**SUPPLIED MATERIAL:**
§
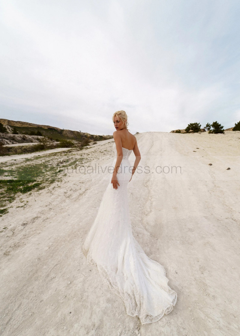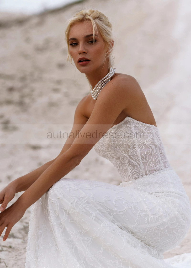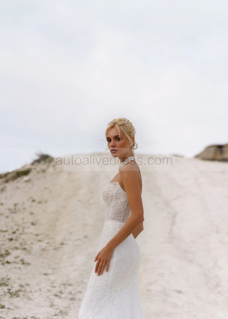 Strapless Beaded White Lace Anniversary Wedding Dress
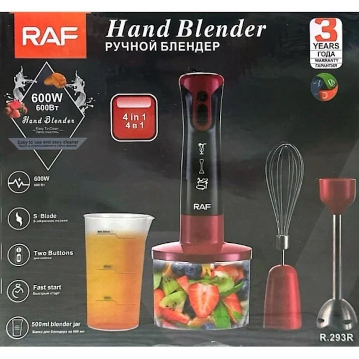Raf R293R - Mixer vertical 4 in 1 600W recipiente 600ml si 500ml rosu-negru
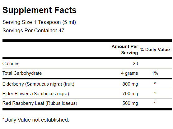 Съставки: Екстракт от плод на Бъз ( Sambucus nigra), Екстракт от цвят на Бъз ( Sambucus nigra), Листа от червена малина ( Rubus idaeus)
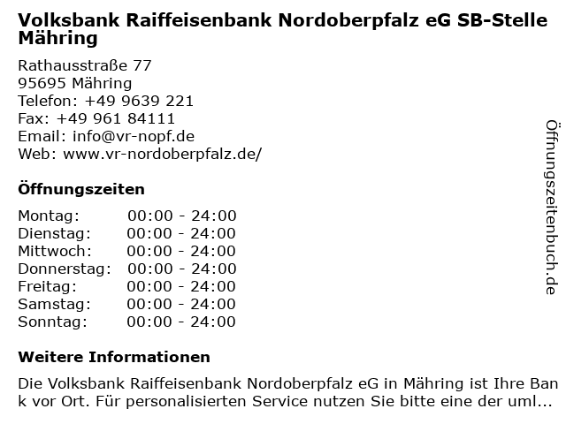 2 Volksbank Raiffeisenbank Nordoberpfalz eG - Völker Baustoff Zentrum (Entfernung: 5,59 km) Griesbach 48, 95695 Mähring 3 Volksbank Raiffeisenbank Nordoberpfalz eG Geschäftsstelle Neualbenreuth (Entfernung: 9,86 km) Raiffeisenstraße 22, 95698 Neualbenreuth 6 Raiffeisenbank im Stiftland eG - (SB-Filiale Tirschenreuth (Entfernung: 14,05 km) Maximilianplatz 21, 95643 Tirschenreuth |
§
**ASSIGNMENT:**
Please copy the data shown above precisely, leaving the images out.

**REPLY:**
 Strapless Beaded White Lace Anniversary Wedding Dress
Raf R293R - Mixer vertical 4 in 1 600W recipiente 600ml si 500ml rosu-negru
 Съставки: Екстракт от плод на Бъз ( Sambucus nigra), Екстракт от цвят на Бъз ( Sambucus nigra), Листа от червена малина ( Rubus idaeus)
 2 Volksbank Raiffeisenbank Nordoberpfalz eG - Völker Baustoff Zentrum (Entfernung: 5,59 km) Griesbach 48, 95695 Mähring 3 Volksbank Raiffeisenbank Nordoberpfalz eG Geschäftsstelle Neualbenreuth (Entfernung: 9,86 km) Raiffeisenstraße 22, 95698 Neualbenreuth 6 Raiffeisenbank im Stiftland eG - (SB-Filiale Tirschenreuth (Entfernung: 14,05 km) Maximilianplatz 21, 95643 Tirschenreuth |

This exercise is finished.